We examined the density of the CB-IR staining across the costaining conditions with the four GluA subunits (Fig. 6) but did not observe significant differences between stains (one-way ANOVA, F(3,155) = 0.161, p > 0.9) so that normalization was unnecessary. We performed the same analysis steps as described above for the PV-IR cells for 159 image stacks. A two-factor ANOVA (GluA × layer) revealed a significant main effect of GluA subunit on expression (F(3,139) = 174.617, p < 0.001), a significant main effect of layer (F(4,139) = 3.272, p < 0.05), and a significant interaction between these factors (F(12,139) = 2.434, p < 0.01; Fig. 7A). The GluA main effect was driven by an increased expression of GluA1 and GluA4 by CB-IR cells, compared with GluA2 and GluA3. The mean P(GluA1|CB) was 0.80 (N = 39) and the mean P(GluA4|CB) was 0.71 (N = 40), whereas P(GluA2|CB) (N = 40) and P(GluA3|CB) (N = 40) equaled 0.13 and 0.14, respectively. We observed no significant differences between the degrees of expression of GluA1 and GluA4 or between GluA2 and GluA3 receptor subunits (Bonferroni-corrected t tests, both p's > 0.2). However, the pairwise comparisons between the more strongly and more weakly expressed subunits were all highly significant (GluA1 or GluA4 vs GluA2 or GluA3; all p's < 0.001). We confirmed these results when analyzing the data of the two monkeys separately (Fig. 7A, left insets). The degree of expression in the neuropil was similar to that when we pooled across objects of all sizes. However, the specificity of the expression pattern was virtually absolute when we analyzed the cell bodies (Fig. 7A, right insets). The main effect of layer on the probability of expression and the interaction with GluA was mainly driven by a lower expression of the GluA1 subunit in layer IV. There was a significant difference in expression of the GluA1 subunit between layers II/III and IV (t test with Bonferroni correction, p < 0.05), and a trend in the same direction when comparing layer IV to V (p = 0.053; Fig. 7B).

Figure 7.

Figure 7.

Expression of AMPAR subunits in CB-IR interneurons. A, Average probability across all layers computed from ∼40 samples per bar. CB-IR cells have a low probability of expressing GluA2 and GluA3, and a high probability of expressing GluA1 and GluA4. Insets on the left show the results of the individual monkeys. Insets on the right show expression for cell bodies and neuropil separately. B, Breakdown by layer (8 samples per data point) reveals little layer variability in the expression of GluA2 and GluA3 but lower expression of GluA1 and GluA4 in layer IV. Error bars represent SEM.

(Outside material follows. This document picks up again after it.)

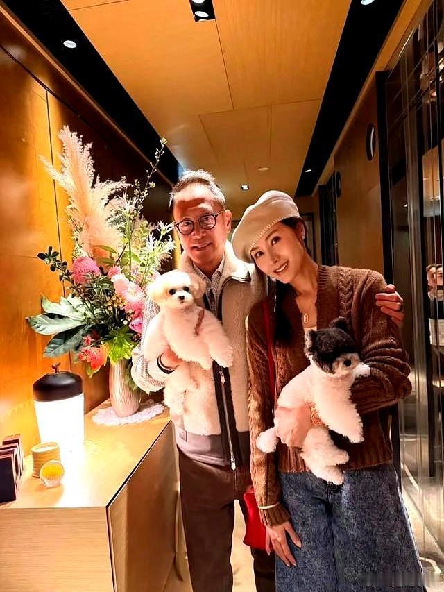 他们晒出的新年合照里,两人身着同款红色印花毛衣开衫,笑容灿烂,姿态亲昵,怀里还抱着两条狗,构成了一幅标准的、可以放进任何一本《幸福家庭样板间》教材的插图。
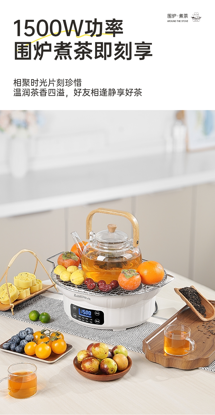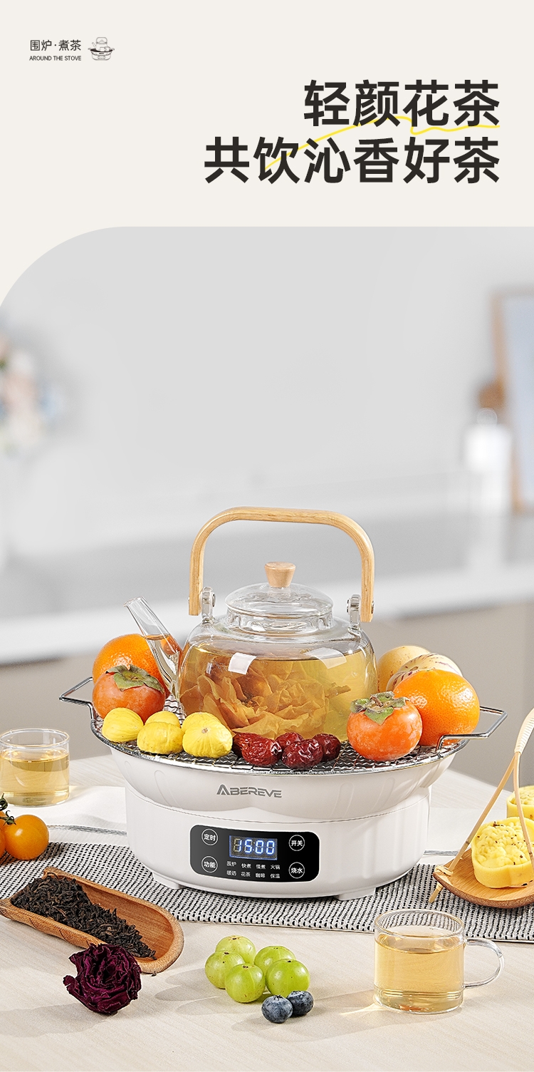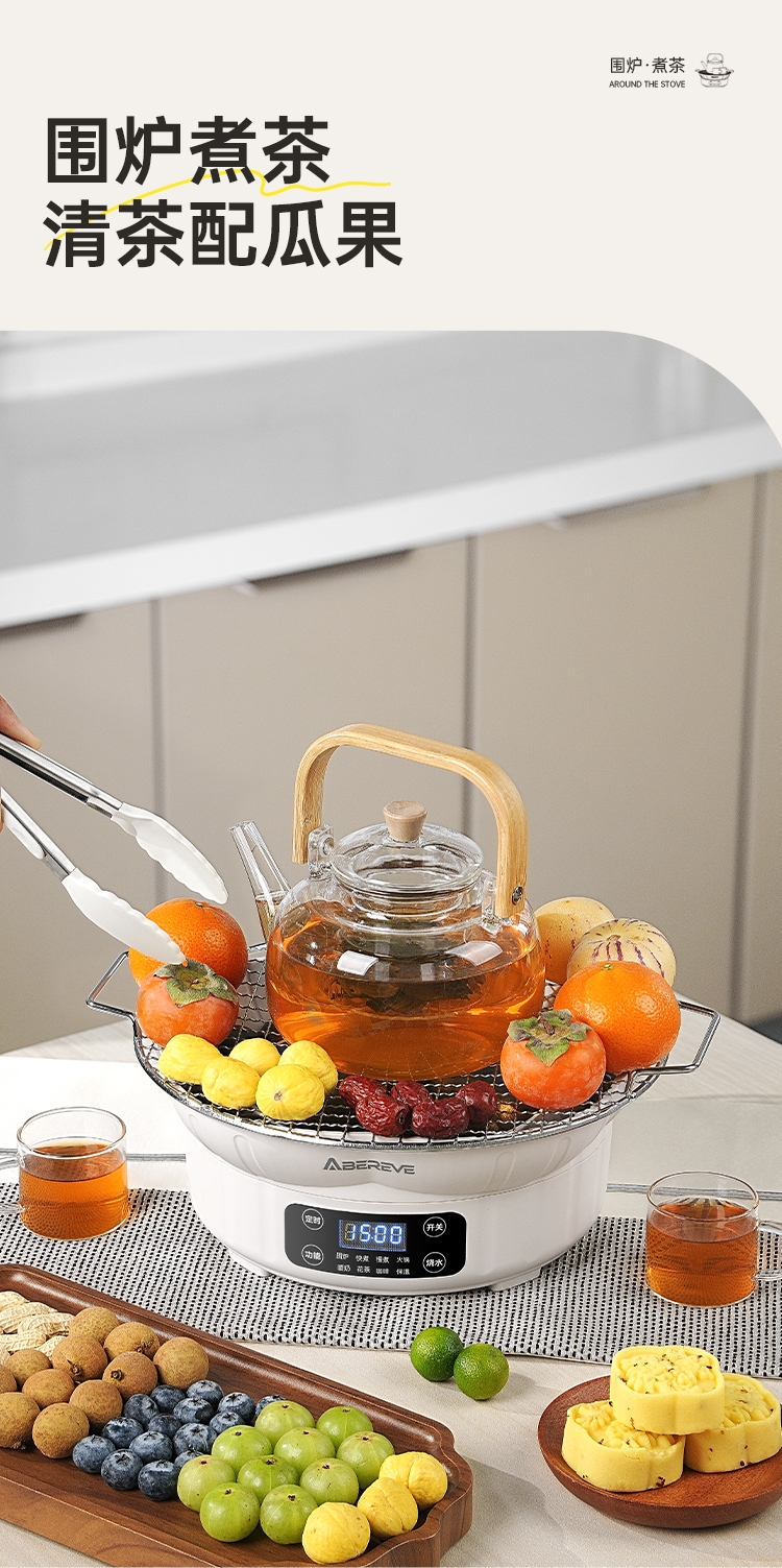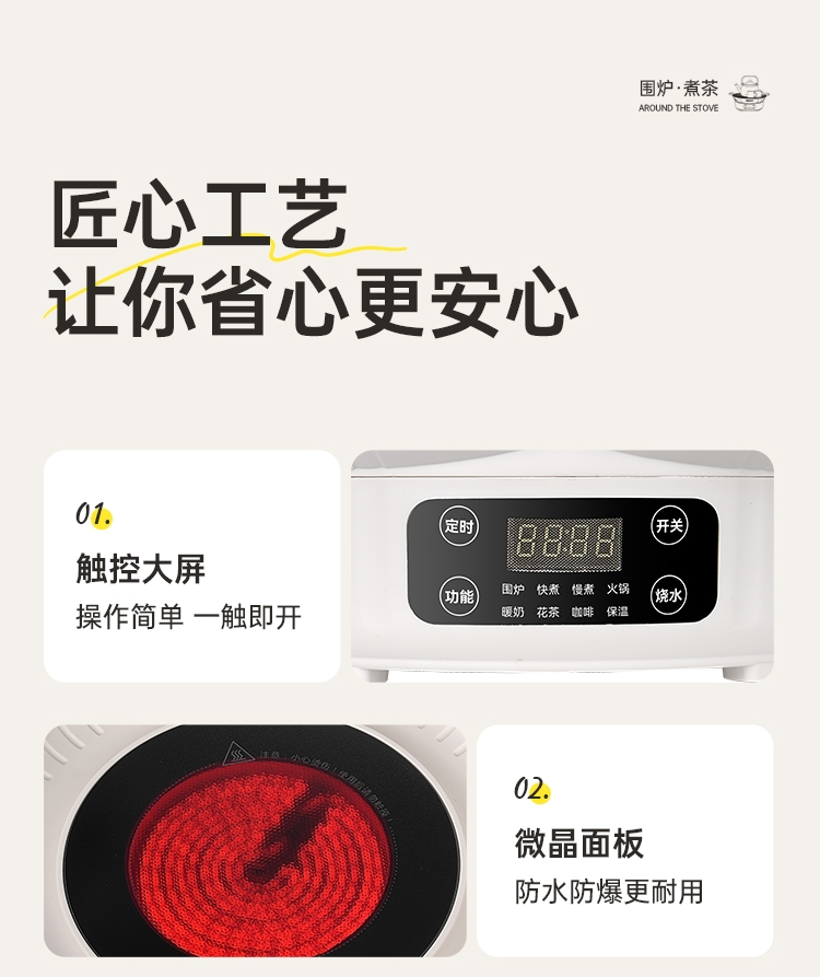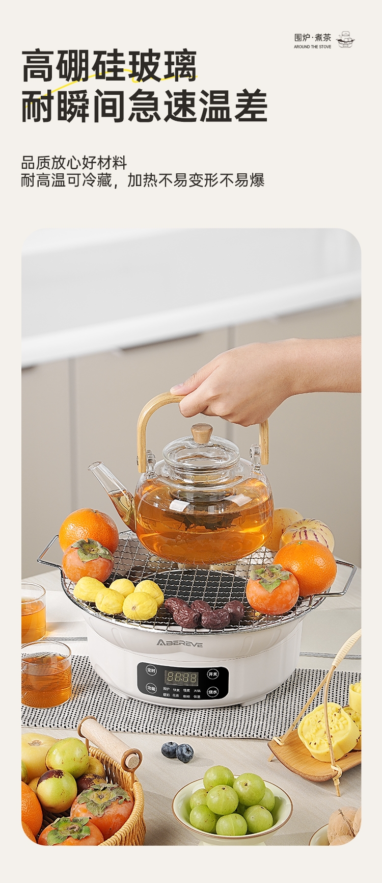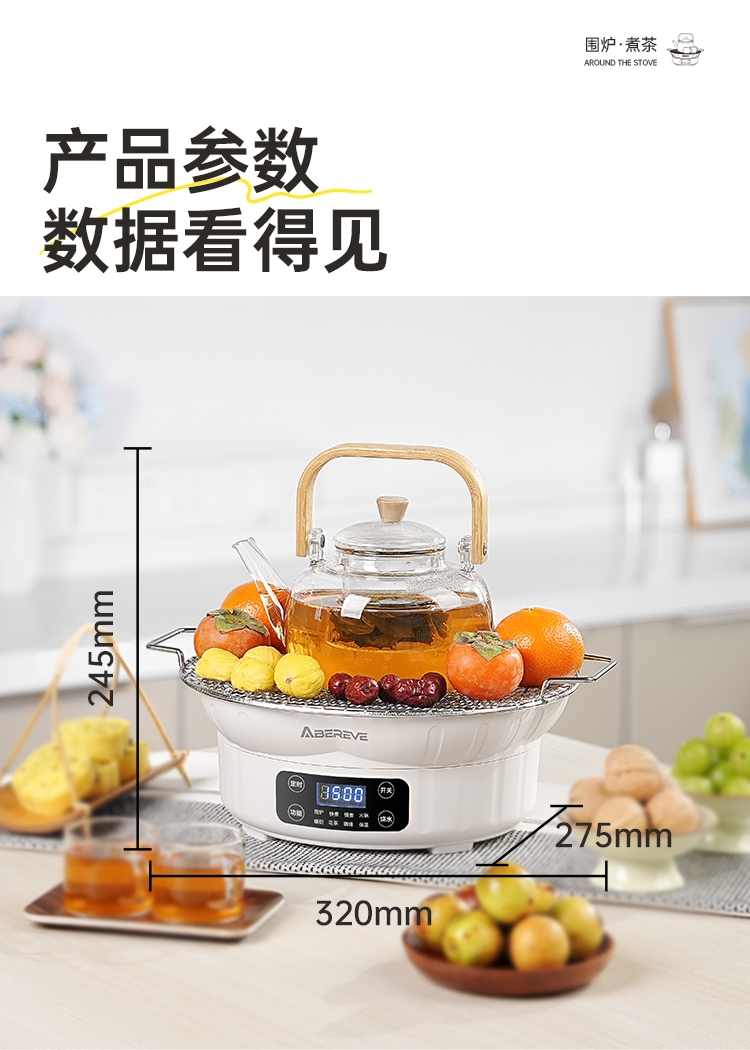 四位触控数码屏清晰显示实时温度、火力;一键启动快速响应+八档火力精准适配;自带烤架,玻璃茶壶配双杯,品质生活随时享

Thus, the GluA subunit expression pattern for CB-IR cells is opposite that of PV-IR cells. CB-IR cells strongly express GluA1 and GluA4, but have a lower expression of GluA2 and GluA3 in the neuropil, and GluA2 and GluA3 are virtually absent from cell bodies. The laminar pattern of GluA expression was not entirely homogenous, with a slightly lower expression of GluA1 in layer IV.

CR-IR cells

CR-positive cell bodies were mainly located in layer II/III (Figs. 1, 3), but their processes extended throughout the entire cortical column. The morphology of the CR-IR cells was compatible with the morphology that was previously described for double bouquet cells (Condé et al., 1994; Burkhalter, 2008). The cell-staining density was similar across the AMPA subunit costaining conditions (F(3,155) = 0.80, p > 0.9).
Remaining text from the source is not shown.